“Very well,” I said.
“You do not want one yourself,” my Soul said, “you would be bored to death with one—with a mind that’s always reading for principles!”
“I’m not so sure,” I said.
“You always are with other people’s.”
“Well, there’s Meakins,” I admitted.
“You wouldn’t want a Meakins kind of a mind, would you?” (Meakins is always reading for principles.)
I refused to answer at once. I knew I didn’t want Meakins’s, but I wanted to know why. Then I fell to thinking. Hence this chapter.
Meakins has changed, I said to myself. The trouble with him isn’t that he reads for principles, but he is getting so he cannot read for anything else. What a man really wants, it seems to me, is the use of a philosophic mind. He wants one where he can get at it, where he can have all the benefit of it without having to live with it. It’s quite another matter when a man gives his mind up, his own everyday mind—the one he lives with—lets it be coldly, deliberately philosophised through and through. It’s a kind of disease.

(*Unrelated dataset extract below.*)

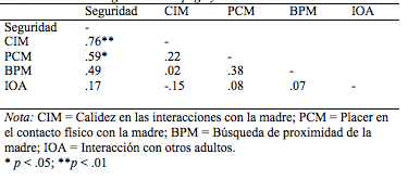 En cuanto a la seguridad del apego de los niños, se encontró un nivel ligeramente más elevado que los reportados en otros estudios latinoamericanos; adicionalmente, se halló correlación alta entre seguridad y calidez en las interacciones con la madre, correlación moderada con placer en el contacto físico con ella y con búsqueda de su proximidad, relativa independencia entre seguridad e interacción con otros adultos, posiblemente por el respeto y la distancia que caracteriza la relación de los niños con las personas mayores en los contextos latinos, como han planteado estudios previos.

When Meakins visits me now, the morning after he is gone I take a piece of paper and sum his visit up in a row of propositions. When he came before five years ago—his visit was summed up in a great desire in me, a lift, a vow to the universe. He had the same ideas, but they all glowed out into a man. They came to me as a man and for a man—a free, emancipated, emancipating, world-loving, world-making man—a man out in the open, making all the world his comrade. His appeal was personal.
Visiting with him now is like sitting down with a stick or pointer over you and being compelled to study a map. He doesn’t care anything about me except as one more piece of paper to stamp his map on. And he doesn’t care anything about the world he has the map of, except that it is the world that goes with his map. When a man gets into the habit of always reading for principles back of things—back of real, live, particular things—he becomes inhuman. He forgets the things. Meakins bores people, because he is becoming inhuman. He treats human beings over and over again unconsciously, when he meets them, as mere generalisations on legs. His mind seems a great sea of abstractions—just a few real things floating palely around in it for illustrations. When I try to rebuke him for being a mere philosopher or man without hands, he is “setting his universe in order,” he says—making his surveys. He may be living in his philosophic mind now, breaking out his intellectual roads but he is going to travel on them later, he explains.